I suggest you to move away from port 22 for SSH. That alone will prevent like vast, vast majority of attempts, which come from bots only. Also consider using public key auth. That alone will prevent any manual or automatic hacking attempt unless there's an exploit in sshd, or unless someone takes hold of your public and private keys, and I mean physically nick the files from your computer -- in which case they're left with the huge task of attempting to crack the passphrase you protected the keys with.

Personally I'm not using or suggesting fail2ban. In my opinion, it's a waste of resources, and may even lead to a cute ddos.
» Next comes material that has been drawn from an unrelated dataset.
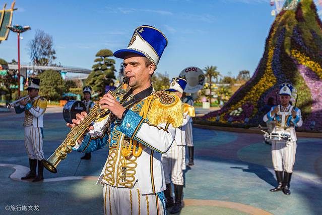 在广场上,有乐队在演奏着活泼的乐曲。他们穿着鲜艳统一的演出服装,脸上洋溢着快乐的笑容,游客们可以听到他们现场演奏的音乐。在广场上表演的还有卡通和动物人形玩偶,他们跟随者音乐的节奏跳着舞,与游客亲密地互动,看到那轻松欢快的舞蹈,仿佛所有疲惫都消除了,也想参与欢快的舞蹈和音乐中去。

Also, if you really want to use fail2ban, then configure iptables rules to drop only SYN packets and allow all RELATED, ESTABLISHED, otherwise EACH packet that your NIC receives would have to be checked against a table of banned IPs (can you say: ddos?).  :Wink: 

Edit: ps, the trend with bots nowadays is to go very slow, too slow for any reasonable fail2ban rule anyways. Also, if you're really paranoid, the third line of defense (first two being moving away from 22, and using public key auth) would be to use port knocker.

----------

## El_Goretto

Your fail2ban seems not configured at all. Enable the ssh "jail" (/etc/fail2ban/jail.conf)

Plus, this "policy ACCEPT" is frightening... but if it's on purpose, ok, then...

----------